According to stats from Merrill's David Rosenberg, this has only happened four times in the past 25 years:- March 2000, August 1998, January 1989, January 1982.

In each instance, the next six months saw a significant rally in bonds, a widening of corporate spreads, an average 6% decline in commodity prices and underperformance by small cap stocks."

Oh, and congrats to President W on the hat trick, Treasury Secretary #3.


The markets open higher with sector outperformers being the airlines, bios, internets, oils and small caps with metals, semis and homies bringing up the rear.

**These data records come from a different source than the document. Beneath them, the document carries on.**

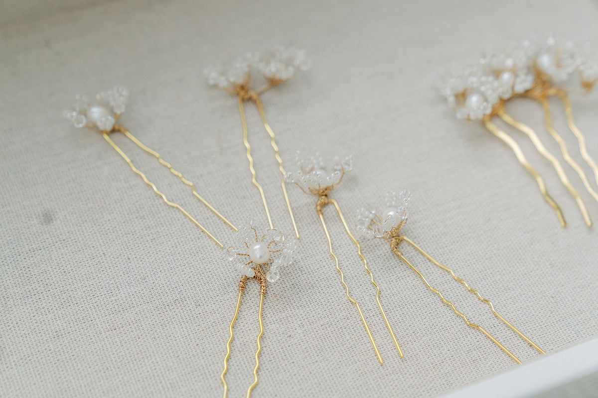 - the listing is only for the set of 5 hair pins, any other items in any of the pictures is not included
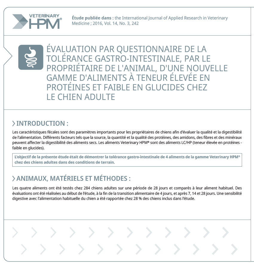 > Evaluation par questionnaire de la tolérance gastro-intestinale, par le propriétaire de l'animal, d'une nouvelle gamme d'aliments à teneur élevée en protéines et faible en glucides chez le chien adulte
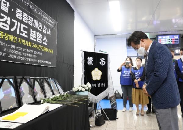 김동연 당선인은 15일 오후 수원역 지하 1층에 마련된 발달?중증장애인 참사 경기도 분향소를 찾아 헌화와 묵념을 한 뒤 발달장애인 가족들과 만났다.
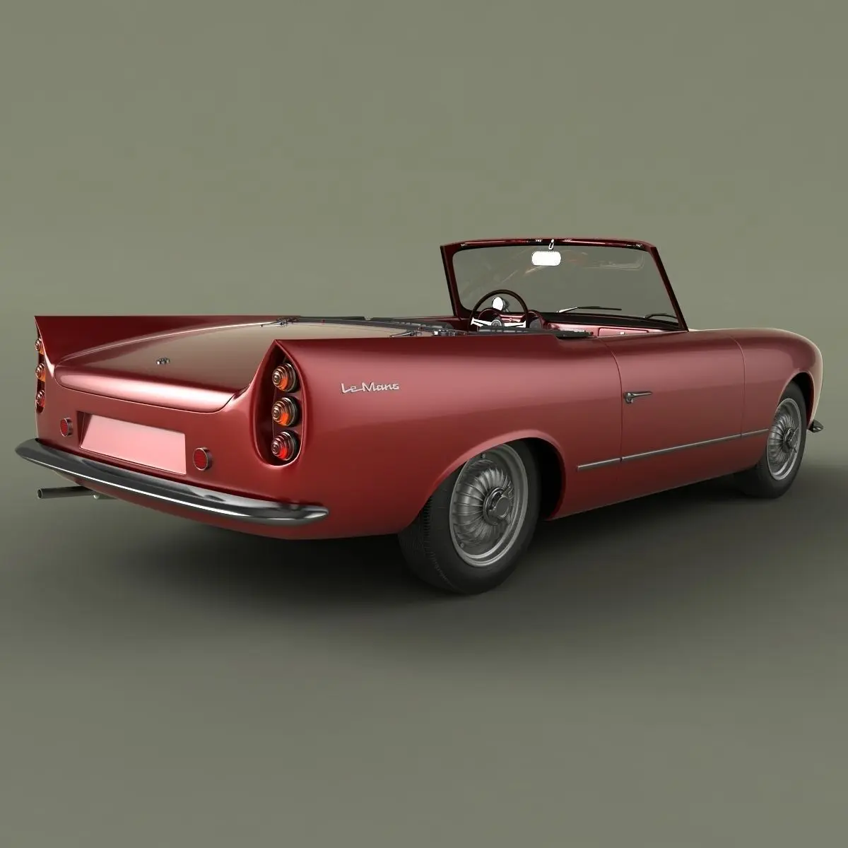 High detailed, correctly scaled model of Rene Bonnet Le Mans 1962. Originally created with 3ds Max 8. Rendered with V-Ray, files with standard materials are included. Unit system is set to metric units. Model is built to real-world scale. Geometry is Editable Poly. TurboSmooth is use separately to objects (88 of 120 named objects) with iterations 2 (732227 polys, 385808 vert.) Each file was checked before upload. Materials and textures are included (8 textures - jpg 1024X1024).
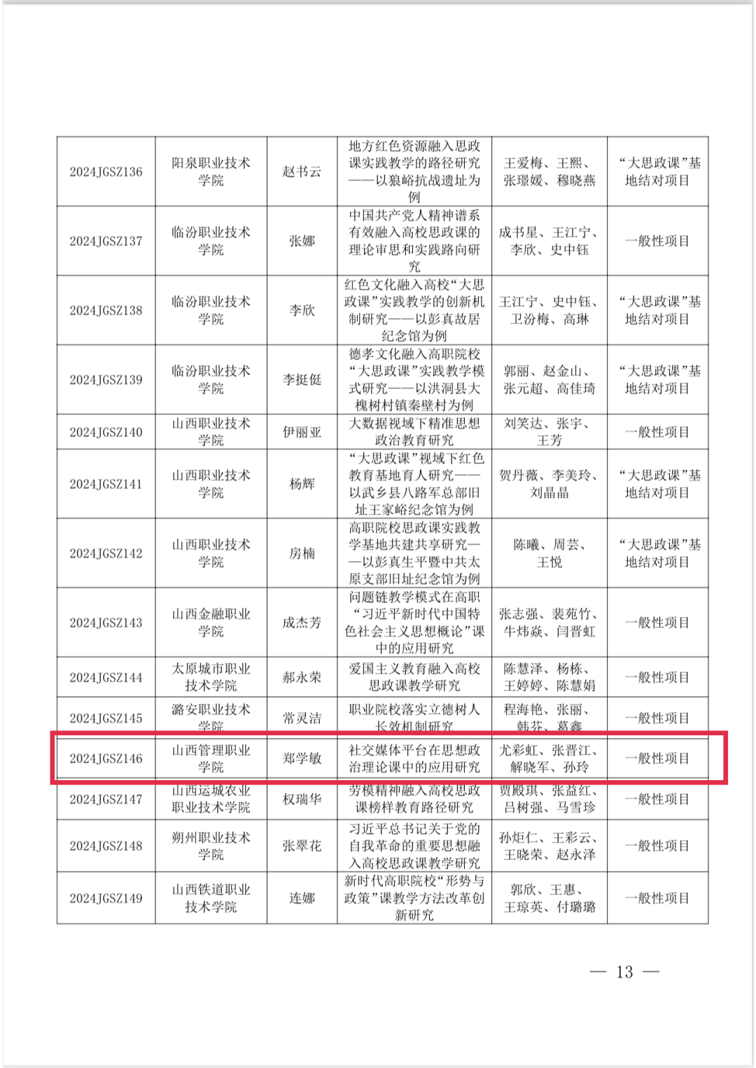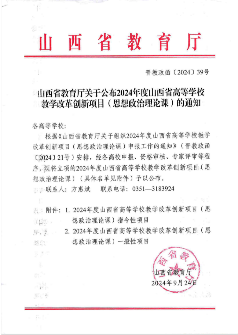 近日,山西省教育厅公布了2024年度山西省高等学校教学改革创新项目(思想政治理论课)的立项名单。米乐教师郑学敏《社交媒体平台在思想政治理论课中的应用研究》成功入选。

The 10 year Bond is hanging in at the 5.15% area.

Some red flags on the screen are the QQQQ and SMH lagging and the TRIN above 1.00 indicating more volume flowing to losing stocks. On the other hand, GS HHH AMGN OIH all green and generally they lead the markets higher. So kind of a mixed bag but the internals green are probably the signal to buy the dips for now.


The SP futures are gapping higher this morning +2.5 (9:00 eastern) and we know that Monday gap fills are less probable than other days. My take for now is to buy a gap fill assuming the internals and financials confirm market strength as it appears that Friday's weak job, high inflation report is quickly in the rear view mirror.

I am also looking to take a short term trade (scale basis) on the IBB with a stop under the recent lows.



A brief history of the SPX on a longer term basis shows (daily) the moving averages of the 50 day crossed the 200 day lower in November of 2000 , recrossed higher in May of 2003 and has been in bullish mode since (50 over 200) except for a short period in the fall of 2004.

The longer term dailyand weekly charts of the SPX also continue to look bullish as one can draw a trend line at the upper channel and the lower channel and still find higher highs and higher lows. Not sure how long it will last but for now it is continues.